Эйнштейн по-прежнему придерживался той точки зрения, что, как он говорил своему старому другу Бессо, физика должна основываться “на концепции поля, то есть на непрерывных структурах”. За семьдесят лет до того он благоговейно разглядывал компас, тогда еще восхитился концепцией полей, и с тех пор она стала руководящим принципом его теорий. Но что произойдет, делился он своим беспокойством с Бессо, если полевая теория не сможет объяснить существование частиц и квантовую механику? “В этом случае ничего не останется от моего воздушного замка, включая теорию гравитации”13.

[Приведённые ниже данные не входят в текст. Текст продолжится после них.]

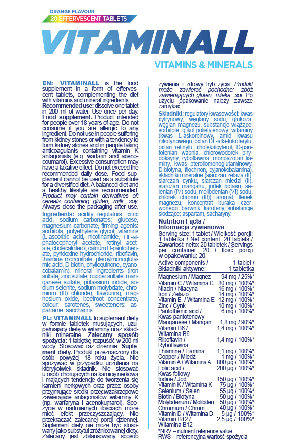 ALLNUTRITION VITAMINALL допринася за поддържане на добро здраве благодарение на съдържанието на коприва (копривата подпомага правилното функциониране на имунната система) и поддържа доброто настроение благодарение на наличието на горчив портокал. Продуктът е предназначен за хора, чийто ежедневен хранителен режим изисква попълване на запасите от витамини и минерали, включително физически активни лица* и спортисти* (*съдържащият се в продукта женшен спомага за поддържане на издръжливост на необходимото ниво). Внимателно разработената формула съдържа подбрани витамини и минерали в специално подбрани съотношения, както и екстракти от коприва, горчив портокал, зелен чай, женшен, коензим Q10 и алфа-липоева киселина (ALA).
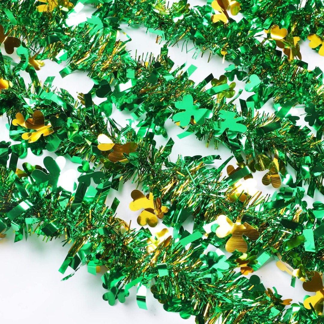 アマゾン聖パトリックの日の三つ葉の雨の糸のカーテンの背景のアイルランドのカーニバルの装飾用品の道具
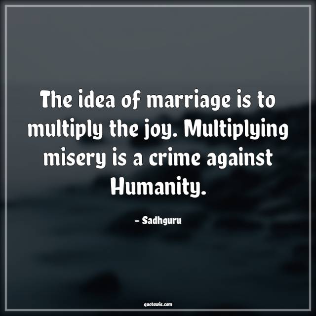 The idea of marriage is to multiply the joy. Multiplying misery is a crime against Humanity.
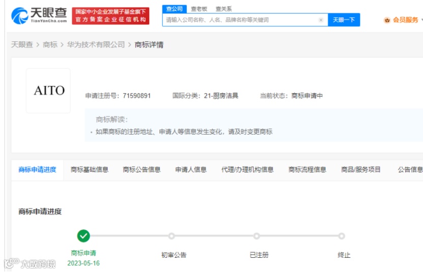 5月29日消息,根据工商信息显示,近日。华为技术有限公司申请注册多个“AITO”商标,据悉,AITO问界是华为生态汽车品牌,华为提供电动化、智能化零部件等核心软硬件技术。
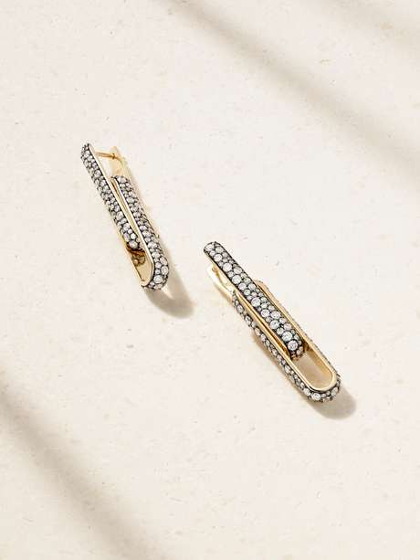 Lucy Delius adopts techniques from the Victorian era to create modern jewelry with ample charm. These 'Stirrup' earrings are crafted from 14-karat gold with interlocking trombone links and pavé-set with 3.84 carats of diamonds with a rhodium-plated backing for maximum sparkle.
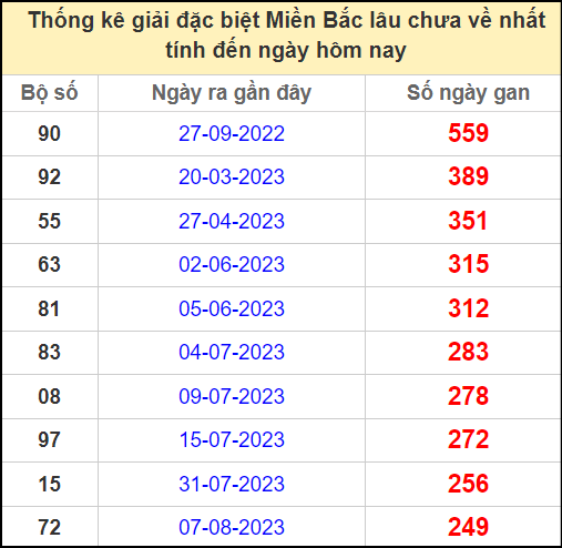 ⚡ Thống kê gan giải đặc biệt lâu về nhất hôm nay: 90 – 92 – 55 – 63 – 81
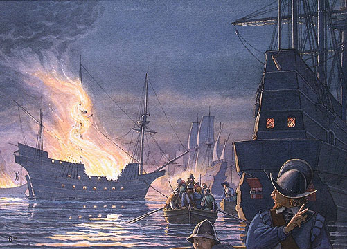 In May 1587 John joined his brother William in Sir Francis Drake’s military expedition against the Spanish naval forces assembling at Cádiz. Much of the Spanish fleet was destroyed. There followed a series of raiding parties against several forts along the Portuguese coast. A Spanish treasure ship, returning from the Indies, was also captured. The damage caused by the English delayed Spanish plans to invade England by more than a year. This incident, known to the Spanish as Drake’s raid on Cádiz 1587, is known to the English by Drake’s phrase “Singeing the beard of the King of Spain”.
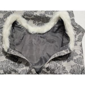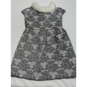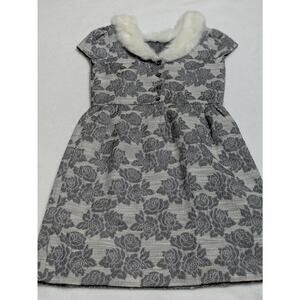 Janie and Jack Pirouette Petals 8 Floral Jacquard Dress Faux Fur Collar Gray
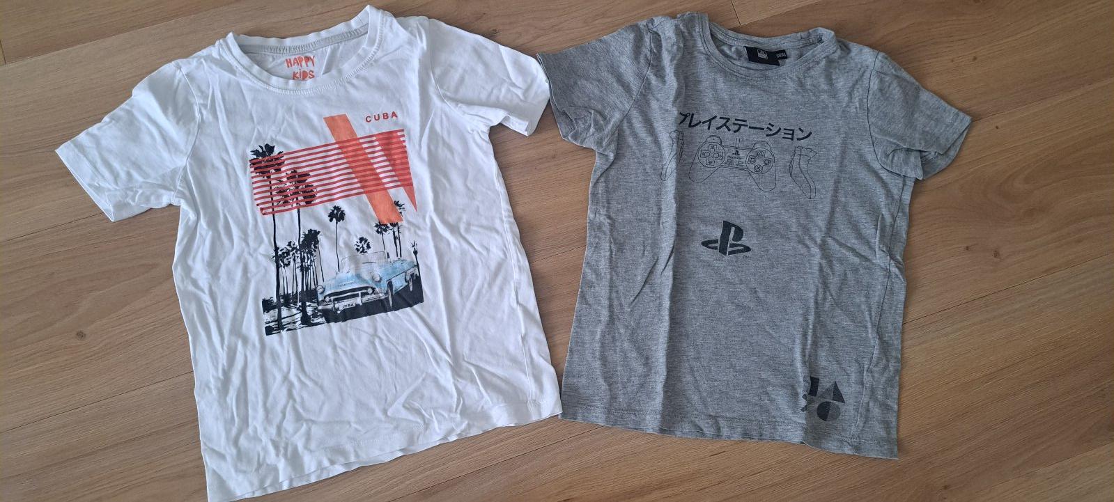Tričká po jednom dieťati bez poškodenia. Je to dvojčíslo 134/140. Biele značka Tchibo, sivé playstation. 1ks /4,5€
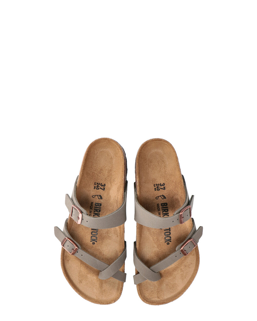Plantare dalla forma anatomica in sughero e lattice Tomaia: Birko-Flor® effetto Nabuk Sottopiede: pelle scamosciata Suola: EVA Dettagli: due cinturini ciascuno con una fibbia di metallo regolabile individualmente; cinturino incrociato attorno all’alluce “Made in Germany” Calzata regolare

Итак, даже если Эйнштейн и просил простить его за упрямство, отступить он гордо отказывался. “Я, должно быть, выгляжу как страус, неизменно прячущий голову в релятивистский песок, чтобы не встречаться с дьявольским квантом”, – написал он Луи де Бройлю, еще одному своему соратнику в этой долгой борьбе. Он построил теорию гравитации, доверяя некоей основополагающей идее, что и сделало его “верующим фанатиком”, не сомневающимся, что сходный метод в конце концов приведет его к единой теории поля. “Это и объясняет страусиную политику”, – иронически сообщил он де Бройлю14.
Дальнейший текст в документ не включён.